● Assignment: Once you find the line with "Tín dụng chính", transcribe it and all the lines that follow to the end of the data, exactly as written; skip any pictures.

● Data:
==============================
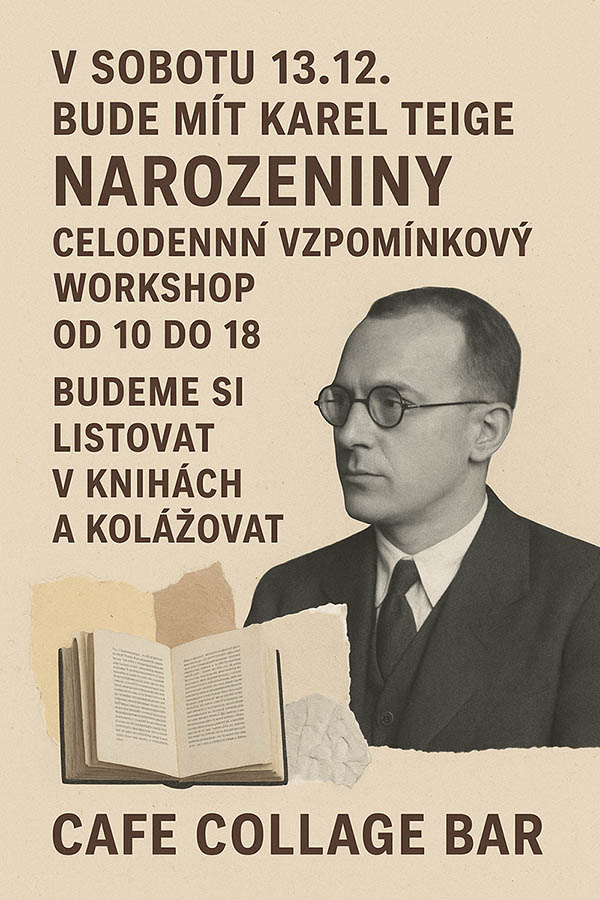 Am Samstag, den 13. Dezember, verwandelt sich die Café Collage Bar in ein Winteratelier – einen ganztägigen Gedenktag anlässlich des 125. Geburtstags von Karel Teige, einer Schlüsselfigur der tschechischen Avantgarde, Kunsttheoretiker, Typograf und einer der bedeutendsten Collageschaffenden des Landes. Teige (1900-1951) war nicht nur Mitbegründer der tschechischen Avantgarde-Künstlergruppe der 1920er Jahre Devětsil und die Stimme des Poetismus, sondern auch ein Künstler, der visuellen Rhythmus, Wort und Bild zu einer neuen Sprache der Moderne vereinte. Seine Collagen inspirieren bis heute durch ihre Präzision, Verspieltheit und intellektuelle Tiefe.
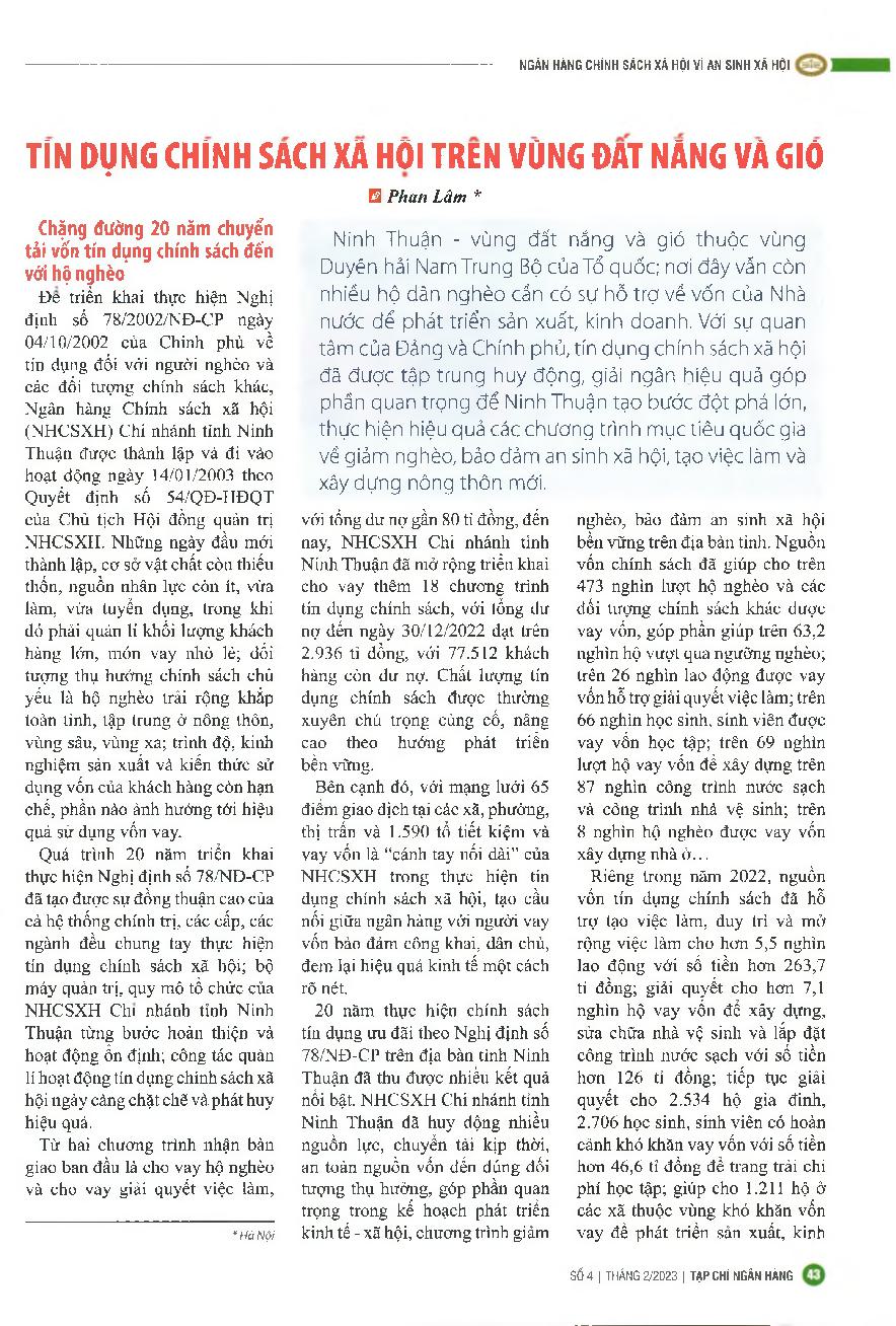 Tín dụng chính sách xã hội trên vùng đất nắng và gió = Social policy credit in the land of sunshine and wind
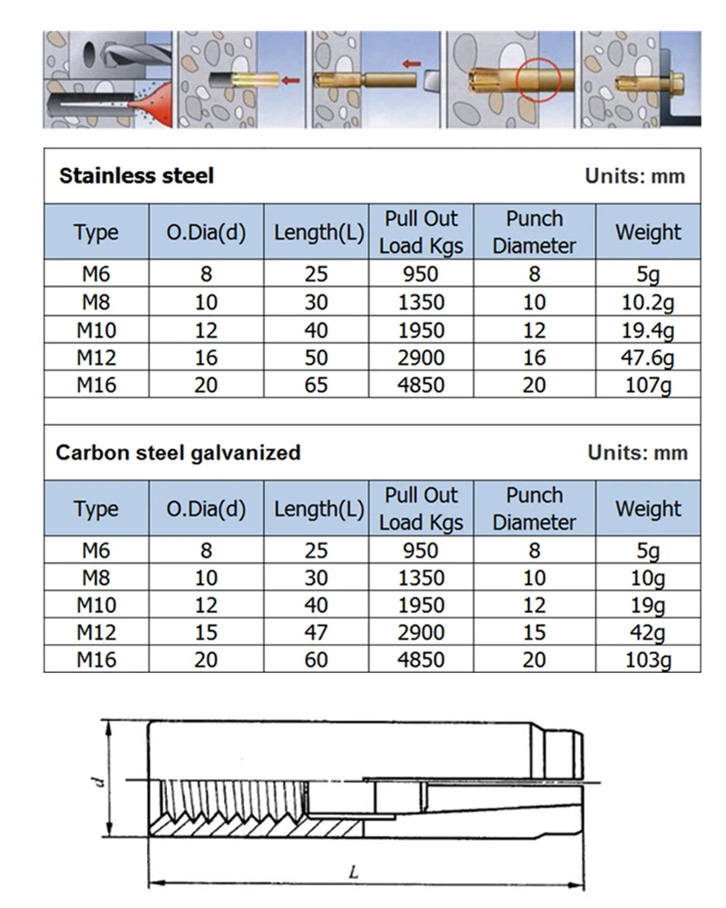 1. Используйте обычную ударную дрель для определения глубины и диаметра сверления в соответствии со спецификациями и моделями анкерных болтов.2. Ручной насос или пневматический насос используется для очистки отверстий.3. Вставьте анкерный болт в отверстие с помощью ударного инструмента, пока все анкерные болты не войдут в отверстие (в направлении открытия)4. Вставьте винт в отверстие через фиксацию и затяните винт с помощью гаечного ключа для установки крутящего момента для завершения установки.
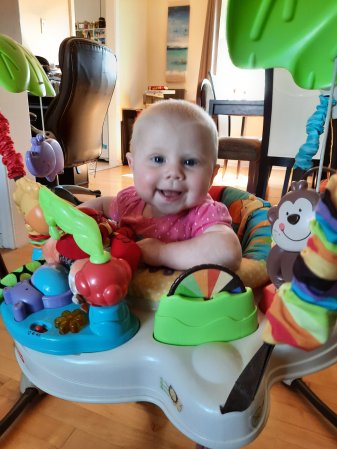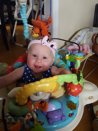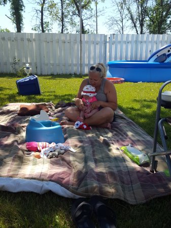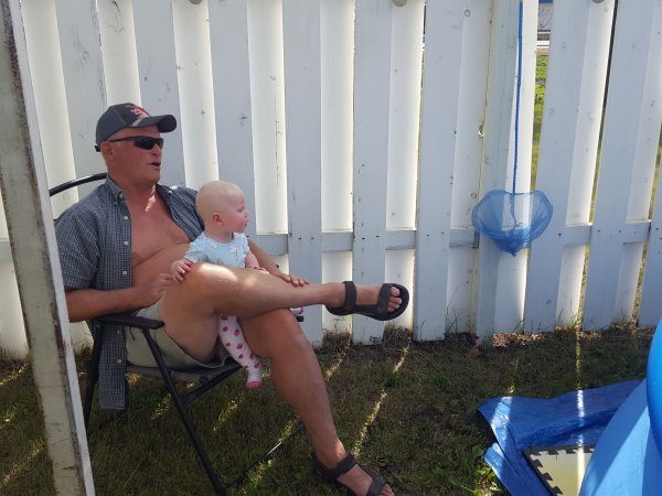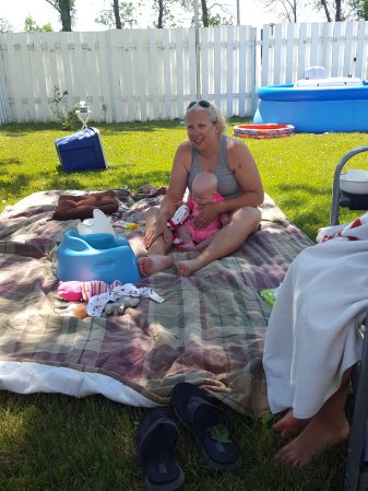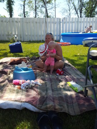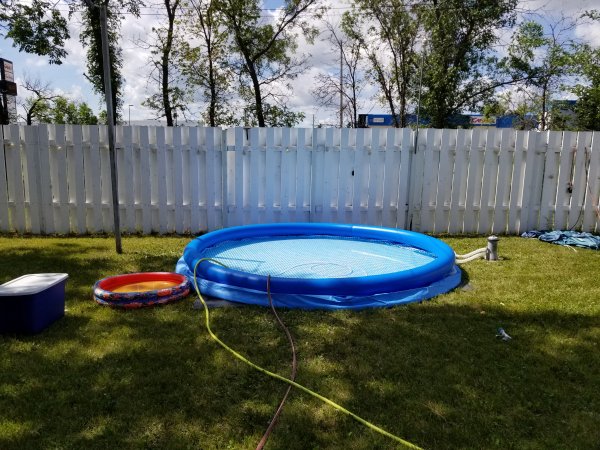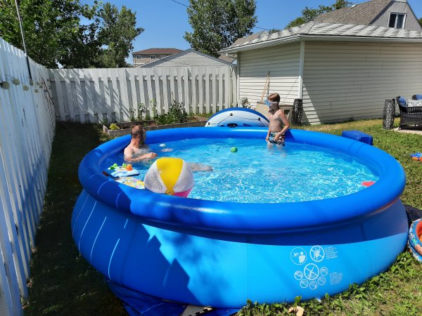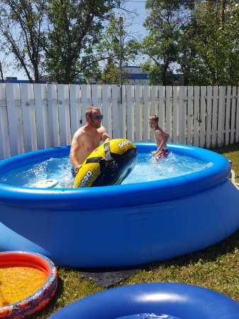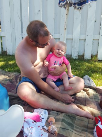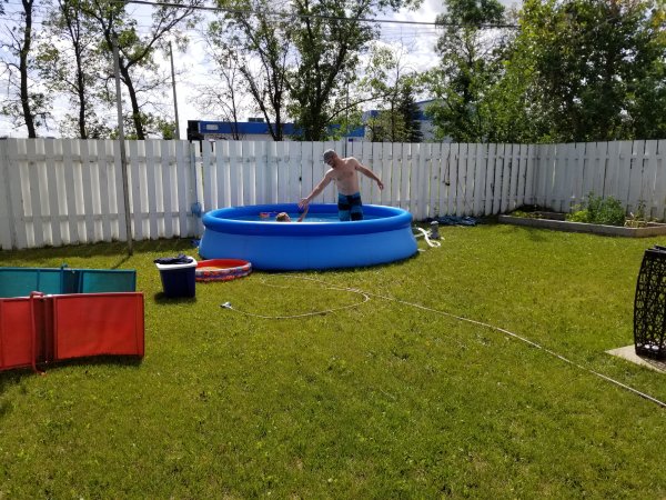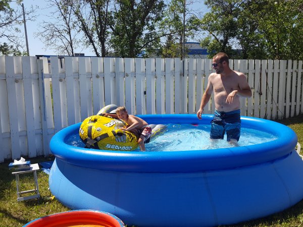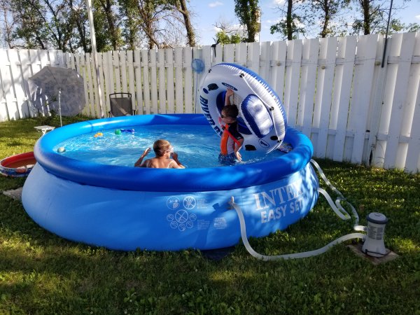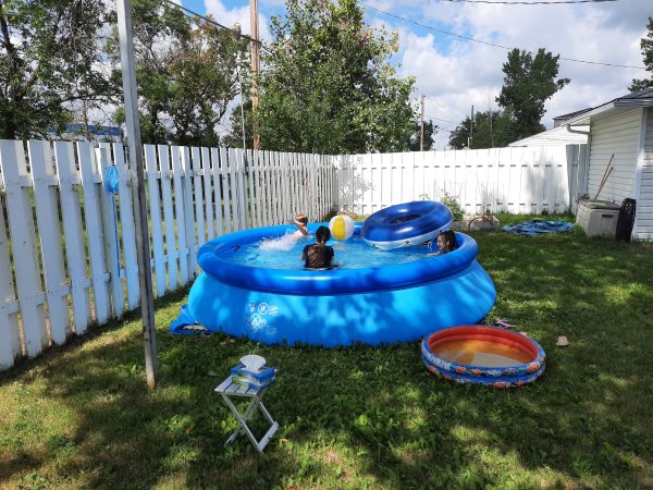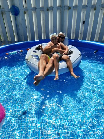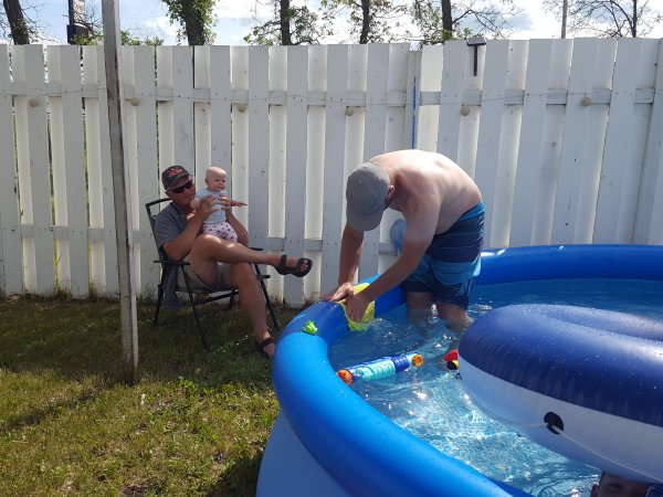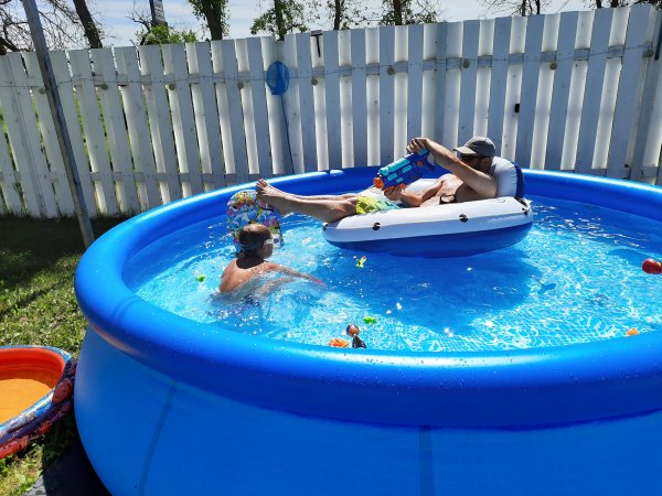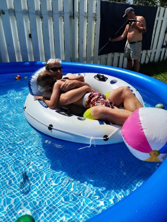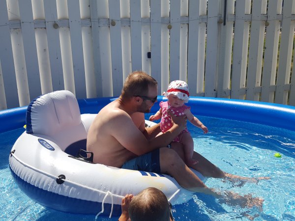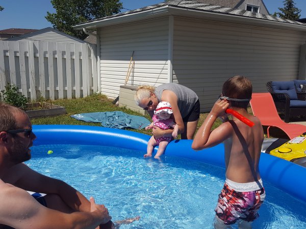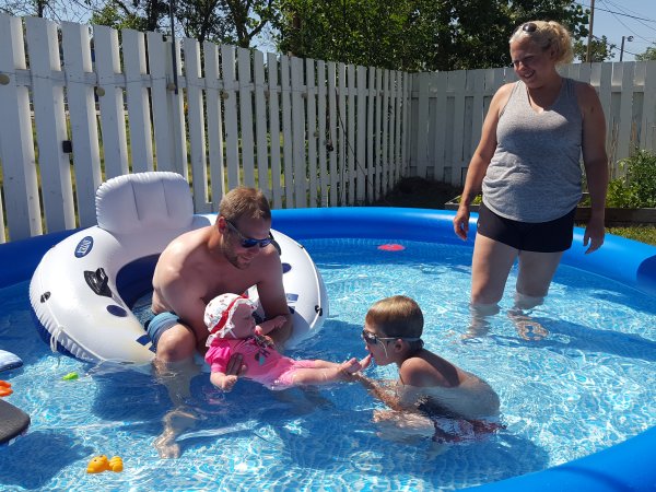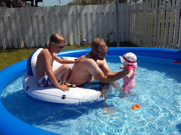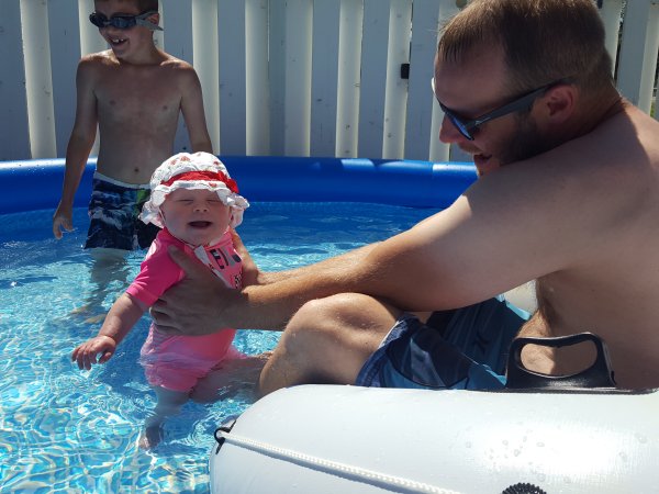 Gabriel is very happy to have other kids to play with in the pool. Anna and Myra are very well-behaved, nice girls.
==============================
● Answer box:
 Tín dụng chính sách xã hội trên vùng đất nắng và gió = Social policy credit in the land of sunshine and wind
 1. Используйте обычную ударную дрель для определения глубины и диаметра сверления в соответствии со спецификациями и моделями анкерных болтов.2. Ручной насос или пневматический насос используется для очистки отверстий.3. Вставьте анкерный болт в отверстие с помощью ударного инструмента, пока все анкерные болты не войдут в отверстие (в направлении открытия)4. Вставьте винт в отверстие через фиксацию и затяните винт с помощью гаечного ключа для установки крутящего момента для завершения установки.
 Gabriel is very happy to have other kids to play with in the pool. Anna and Myra are very well-behaved, nice girls.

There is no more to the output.